En las barracas, largas porchadas suc as, de techo inclinado, se iban despertando los pescadores. De lejos—las barracas se hallaban a trescientos metros de distancia—, desnudos o vestidos de harapos y con los cabellos en desorden, todos se parecían. Se oían sus voces enronquecidas. Uno daba golpes en el fondo de un tonel vacío, y se diría que tocaba un gran tambor. Dos mujeres se insultaban a gritos. Un perro ladraba.

—¡Están levantándose!—dijo Jacobo. Yo quería haberme ido a la ciudad muy de mañana, y he perdido el tiempo haciendo tonterías contigo.

¡Si conmigo no puede ocurrir nada bueno!—dijo Malva, mitad en broma, mitad en serio.

¿Sigues pretendiendo asustarme?—preguntó él con una sonrisa de asombro.

—Verás cómo se pone tu padre contigo!

Jacobo montó en cólera.

—¿A qué santo estás siempre hablándome de mi padre ?—gritó groseramente. Yo no soy ya un muchacho, y no tengo miedo. Esto no es la aldea... Aquí las costumbres son muy distintas, no soy ciego para no verlo... Además, mi padre también tiene sus pecados, y... hace aquí lo que le da la gana... Más vale, pues, que no me hables de él. Tengamos la fiesta en paz.

Ella le dirigió una mirada burlona y le preguntó con interés:

—¿La fiesta en paz? ¿Qué vas a hacer?

¿Yo?

El mozo hinchó los carrillos y dlató el pecho, como si levantase un pesado fardo.

—¿Yo? Soy capaz de muchas cosas. He respirado ya bastante esta brisa y me he limpiado, respirándola, del polvo de la aldea.

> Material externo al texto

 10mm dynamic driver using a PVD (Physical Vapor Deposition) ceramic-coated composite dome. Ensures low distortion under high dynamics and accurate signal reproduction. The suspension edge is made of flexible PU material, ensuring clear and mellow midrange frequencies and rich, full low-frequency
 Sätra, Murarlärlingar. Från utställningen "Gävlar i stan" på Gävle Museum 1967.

—¡Qué pronto!—sonrió Malva.

¡Y tan pronto! Estoy dispuesto hasta a robarte a mi padre.

— De veras? ¿En serio?

—Sin temor ninguno, no lo dudes!

—¡Qué bromista eres!

—Oye, no me provoques!—dijo el mozo con voz alterada y ardiente—. No te burles de mí, si no quieres...

—¿Qué ?—preguntó ella tranquillamente.

—¡Nada!

Entonces fué él quien volvió la cabeza y calló.

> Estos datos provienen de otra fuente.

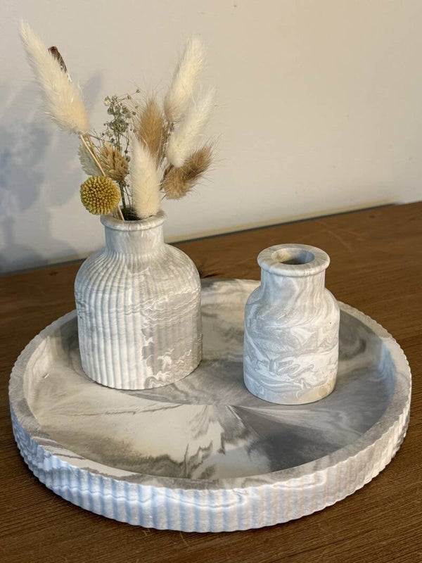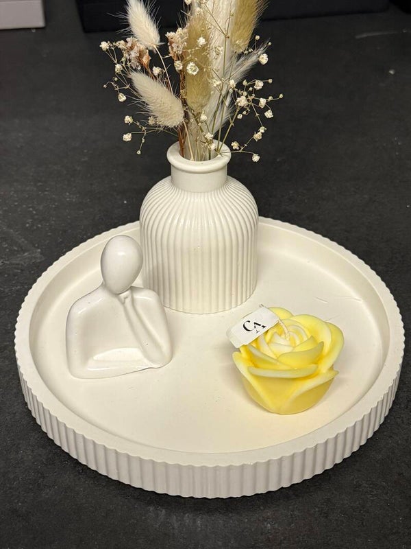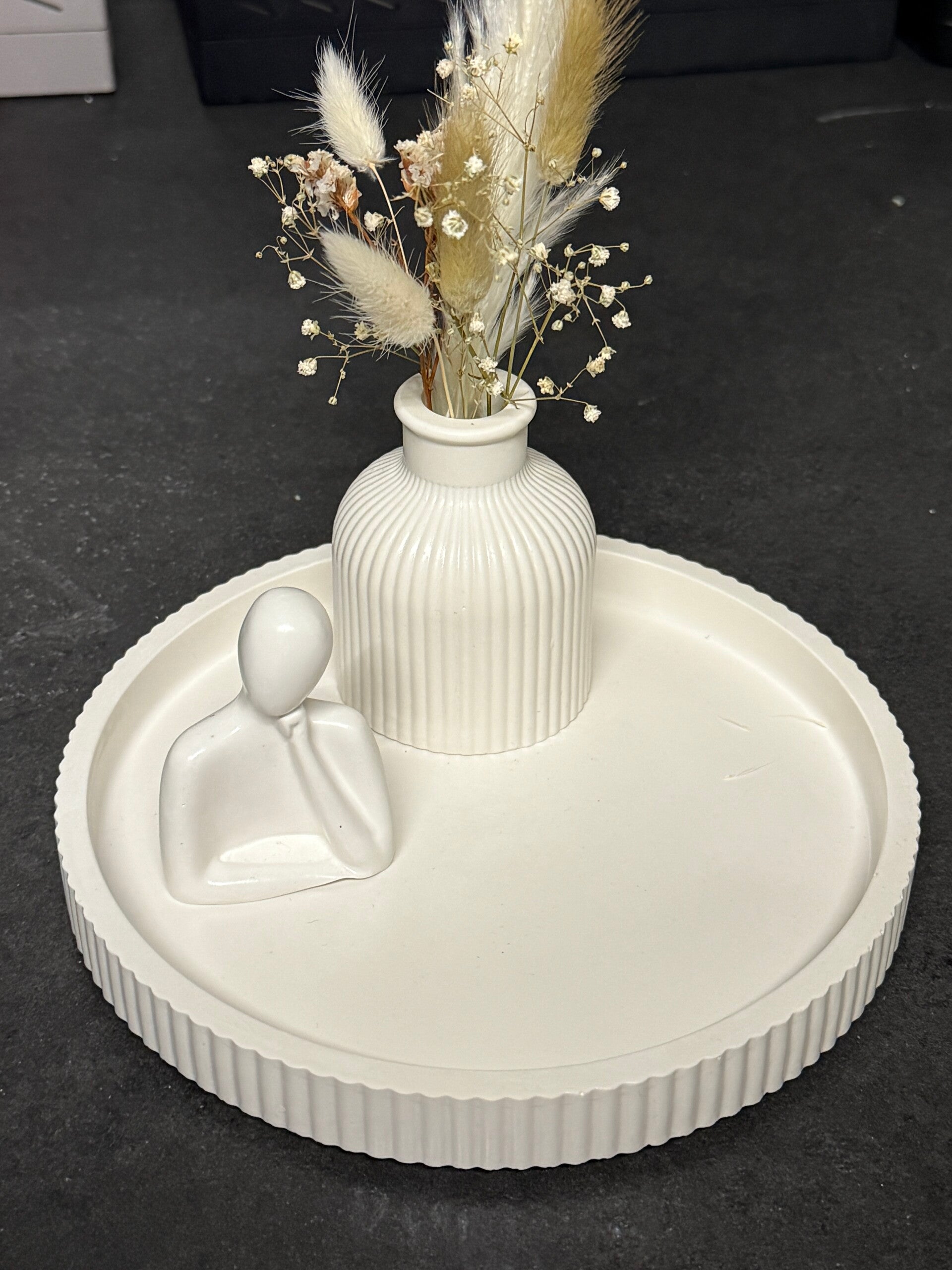 Set: 1 vaasje met droogbloemen + 1 vaasje overig + 1 rond dienblad met opstaande rand; of: 1 vaasje met droogbloemen + 1 beeldje + 1 rond dienblad met opstaande rand.

Su actitud era la del hombre que no teme nada y está seguro de sí mismo.

—¡Qué valiente eres!—dijo Malva—. Me recuerdas al perrito negro de nuestro capataz. Es lo mismo que tú: de lejos, ladra y parece lleno de furia, y cuando uno se acerca a él, huye con el rabo entre las piernas.

—Bueno—gritó Jacobo con una cólera creciente. ¡Espera, que vas a ver cómo soy!

Ella seguía riendo y le miraba a los ojos.

En aquel momento vieron acercarse, tambaleándose, a un hombre alto, fornido, de tez bronceada y cabellos de color de fuego, que le cubrían la cabeza a manera de gorro. Su camisa roja, sólo sujeta a la cintura por el pantalón, estaba desgarrada por detrás hasta cerca del cuello, y para que las mangas no se le cayesen de los brazos, las llevaba subidas hasta los hombros. Su pantalón no era sino una variada colección de agujeros. Iba descalzo. En su rostro, pecoso en extremo, brillaban unos grandes ojos azules, y era un pregón de rebeldía y de insolencia la nariz ancha y arremangada.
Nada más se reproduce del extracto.